START_TIME=`date +%Y-%m-%d_%H:%M:%S`;

noMount=1
Running=1

mount | grep -q /Backup && noMount=0  # Check to see the RAID array is mounted

if [[ -s $RunFile ]];  # Sanity check
then
    ps -fp $( cat $RunFile ) > /dev/null
    if [ $? -eq 0 ]
    then
        Running=0
    else
        echo $thisPID > $RunFile
    fi
else
    echo $thisPID > $RunFile
fi

# Log any errors; if no errors, then run the rsync process
if [ $noMount -eq 1 ]; then
    echo -n File_system_not_mounted:___ >> $LogFile
    MISSING_PATH=1
elif [ ! -e '/Backup/Recordings' ]; then
    MISSING_PATH=1
    echo -n Missing_destination_path:__ >> $LogFile
elif [ $Running -eq 0 ]; then
    MISSING_PATH=1
    echo -n Instance_of_rsync_running:_ >> $LogFile
else
    MISSING_PATH=0
    rsync --archive --progress --human-readable --verbose --stats  --exclude Firefox/ --skip-compress=* $CRC -e "ssh -l root -p 22" root@RAID-Server:'/RAID/' '/Backup'
fi

# Post run time or failures to log after rsync runs.
if [ $? -eq 0 ] && [ $MISSING_PATH -eq 0 ]; then
   STOP_TIME=`date +%Y-%m-%d_%H:%M:%S`;
   echo "$START_TIME $STOP_TIME Backup successful: Source: [RAID-Server/RAID/] Destination: [/Backup]" >> $LogFile
else
   STOP_TIME=`date +%Y-%m-%d_%H:%M:%S`;
   echo "$START_TIME $STOP_TIME Backup failure:    Source: [RAID-Server/RAID/] Destination: [/Backup]" >> $LogFile
fi
[[ $Running -eq 1 ]] && rm $RunFile

The /etc/gadmin-rsync/inhibit file needs to contain some text. If it contains the text "CRC", then the rsync process will do a full checksum on all the files. Any other text in the file will prevent the checksum.
 
Last edited:
How is the project running at this point @WobblyHand?
The file server itself is a flop. I didn't want to buy any more WD NVME SSD's after the NVME SSD failed under RAID initialization. I got a replacement unit and it failed as well. It would seem that there are issues with the active hub and the USB NVME housings. Using NVME was not a good idea, compact, yes, but not all of the controller chips were compatible with the RPI.
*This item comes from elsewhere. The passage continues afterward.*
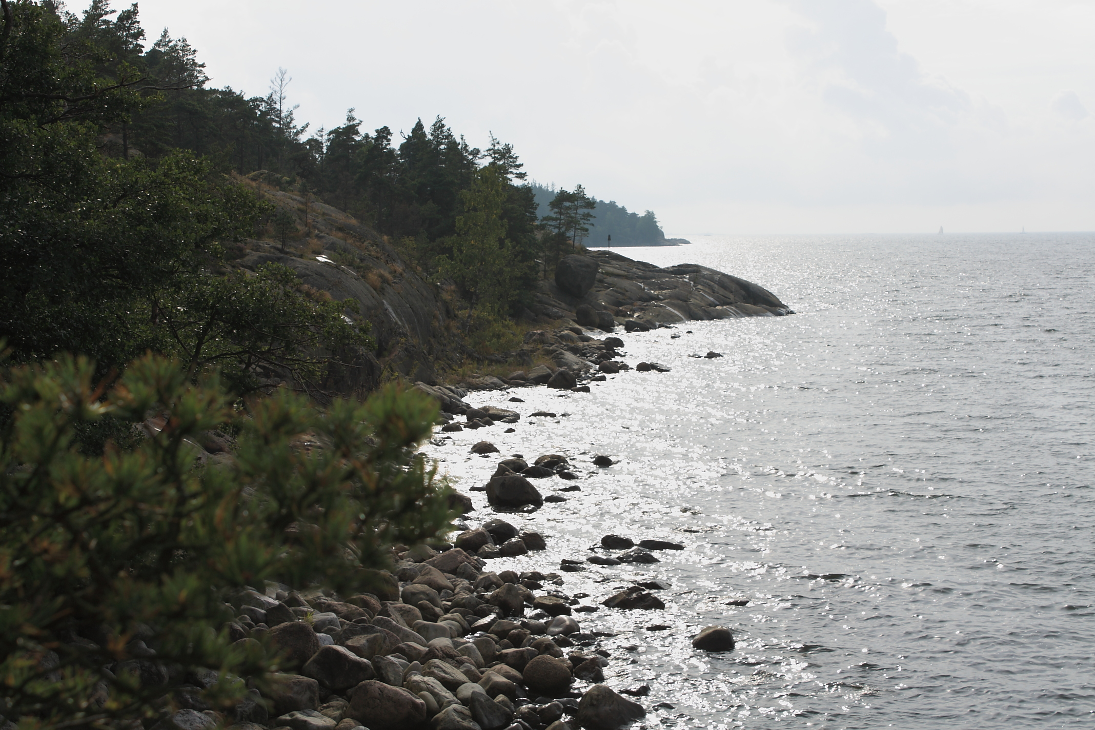 Rocky coastline in Porkkalanniemi, Kirkkonummi, Finland.

But, I use the assembly as a portable little RPI, booting from normal SSD, with a 1TB NVME for storage. I use it in the shop to do Arduino work and programming my Teensy based ELS. It's also ok, to check up on HM while in the shop.
 
ZFS for the win. So much nicer to work with than RAID.
If by "RAID", you mean mdadm, then I disagree. Although fairly well supported, ZFS does not have the nearly universal support mdadm does. On Debian, for example, last I checked it is only available via backport. It also has some issues on a Raspberry Pi unless it supports SATA directly, rather than via USB link.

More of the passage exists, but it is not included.